All terms Distillery glossary

Stripping Run

A stripping run is the first distillation in a batch (pot still) process, where alcohol is stripped out of the fermented wash to produce low wines. A second distillation, the spirit run, then concentrates and refines those low wines into the final spirit.

Illustration: Stripping Run

In double distillation the stripping run is fast and deliberately rough: its only job is to pull as much alcohol as possible out of the wash into a lower-proof collection of low wines, without worrying about cuts. The spirit run that follows is where the distiller makes the careful heads, hearts, and tails cuts. Capturing the volume and proof of both runs is how a distillery accounts for yield across the still.

What is the difference between a stripping run and a spirit run?
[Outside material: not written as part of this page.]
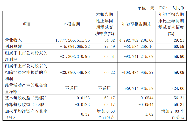 诺德股份10月23日披露2025年第三季度报告显示:前三季度公司实现营业总收入47.93亿元,同比增长29.21%;归母净利润亏损9374.12万元,上年同期亏损2.17亿元;扣非净利润亏损1.08亿元,上年同期亏损2.65亿元。

The stripping run is the first pass: it strips alcohol from the wash into low wines quickly and collects almost everything, since nothing here is bottled. The spirit run is the second pass, where the low wines (often combined with retained heads and feints) are redistilled and the distiller draws the fine heads, hearts, and tails cut that defines the final spirit.

Why distill twice?

A single pass off a pot still cannot both reach a clean proof and give the distiller room to make precise cuts. Splitting the work lets the stripping run maximize alcohol recovery and the spirit run focus on quality and proof, which is the traditional approach for single malt and many craft spirits.